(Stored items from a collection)

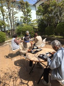 サロンいづみでは、お庭で日光浴や昼食を楽しんでいます。
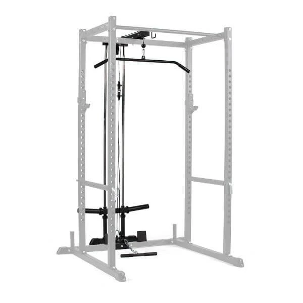 The Lat Tower Attachment is a quick and easy way to turn your T-2 Series Power Rack into a traditional lat pulldown machine. Unlike a typical lat pulldown machine you will save space with this pulley system that allows for the same training benefits. The attachment includes a lat pulldown handle and a low row handle to be able to target your arms and back in a variety of ways.
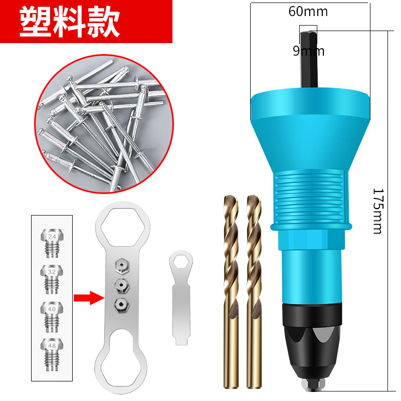 • (ABS 엔지니어링 플라스틱) 리벳 건 헤드 + 리벳 200개 + 드릴 비트 2개
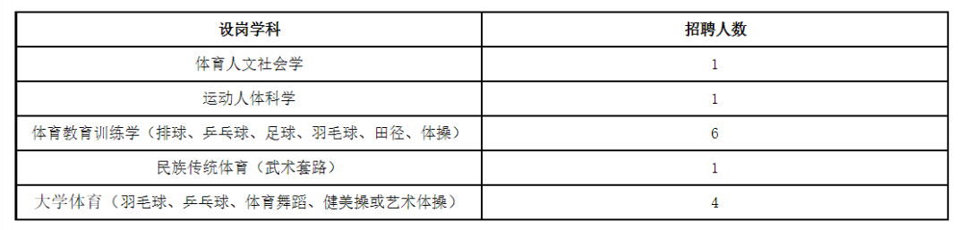 备注:表中学科方向为设岗方向,非应聘者所学专业。要求应聘人员的专业为体育相关专业,与设岗学科方向相同或相近。运动康复和运动医学以及医学相关专业的应聘人员亦可申报运动人体科学专业岗位。
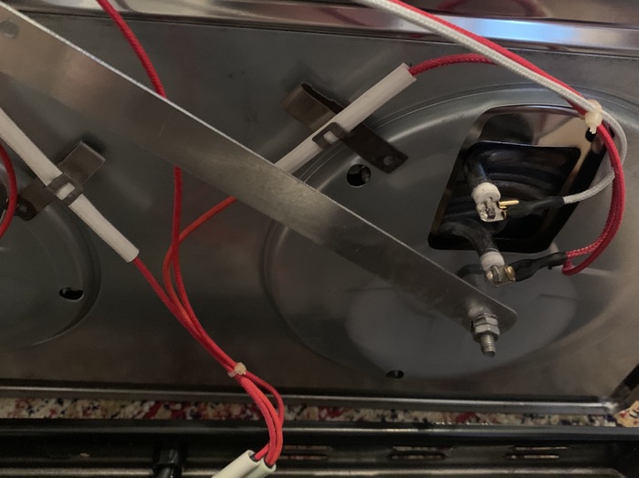 Перестала работать большая конфорка, мы открыли и внутри вот такой вид
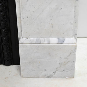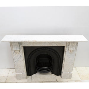 The bevelled shelf is substantial with good projection, supported by deeply cut solid marble corbels. The frieze and jambs are simple with no panelling.
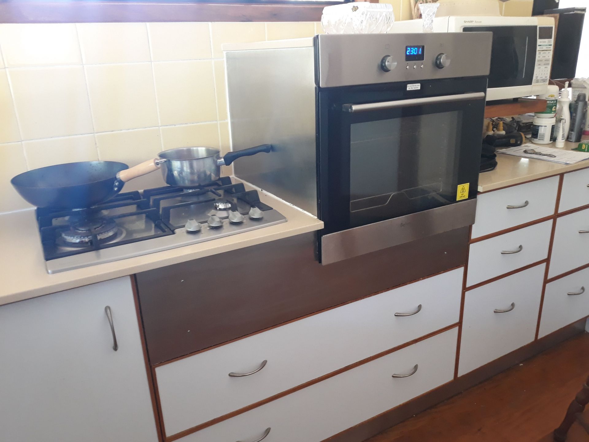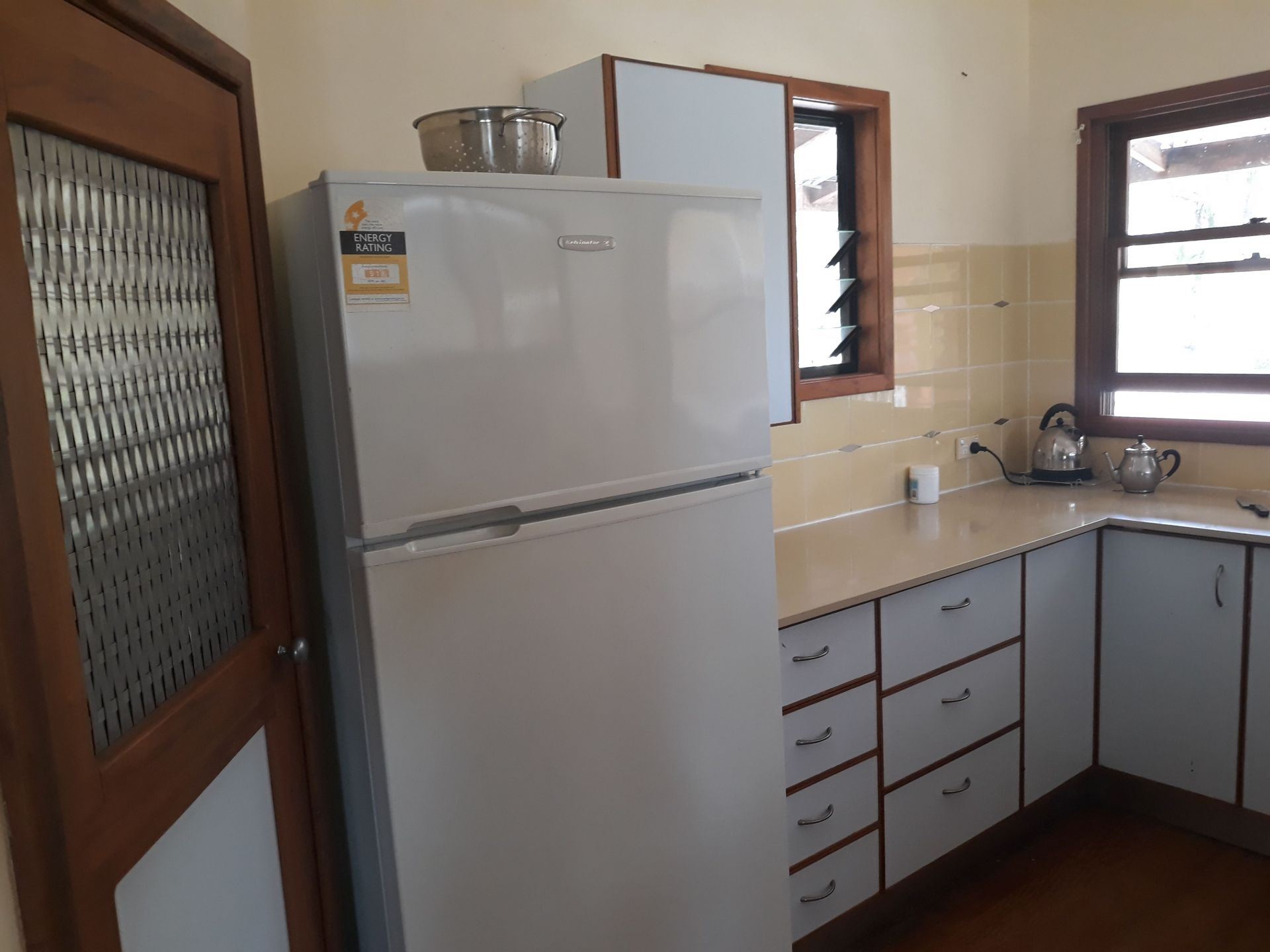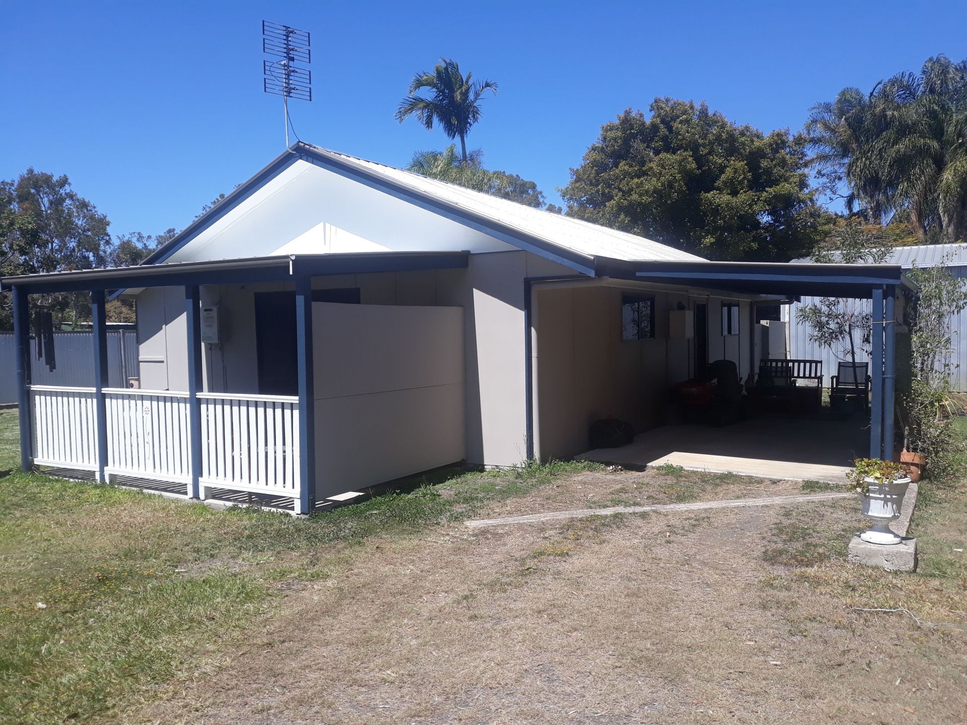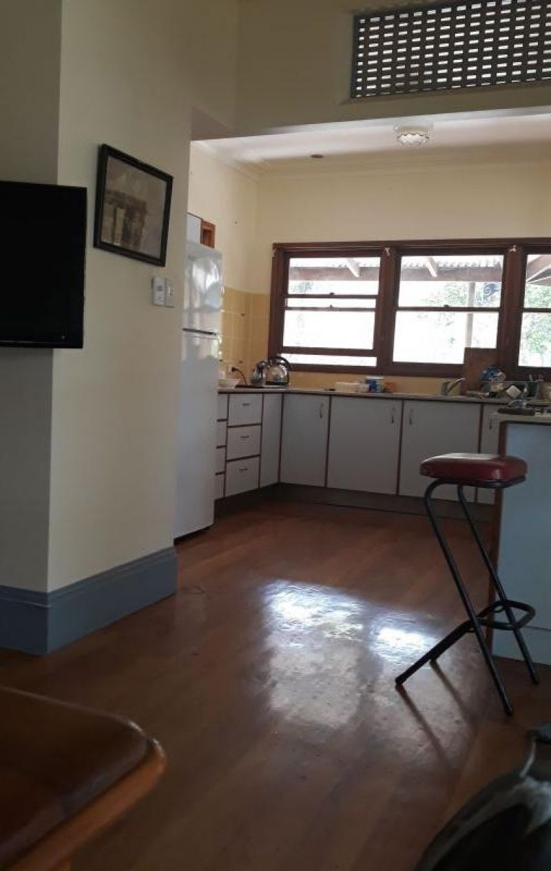 The 3 bedroom main house with kitchen, dining, lounge room, bathroom, improvised laundry.

• [Work required]: All lines from the one containing "The bevelled shelf" to the last line of the records above, and no others, should be returned unchanged, without pictures.

• [Result of this task]:
 The bevelled shelf is substantial with good projection, supported by deeply cut solid marble corbels. The frieze and jambs are simple with no panelling.
 The 3 bedroom main house with kitchen, dining, lounge room, bathroom, improvised laundry.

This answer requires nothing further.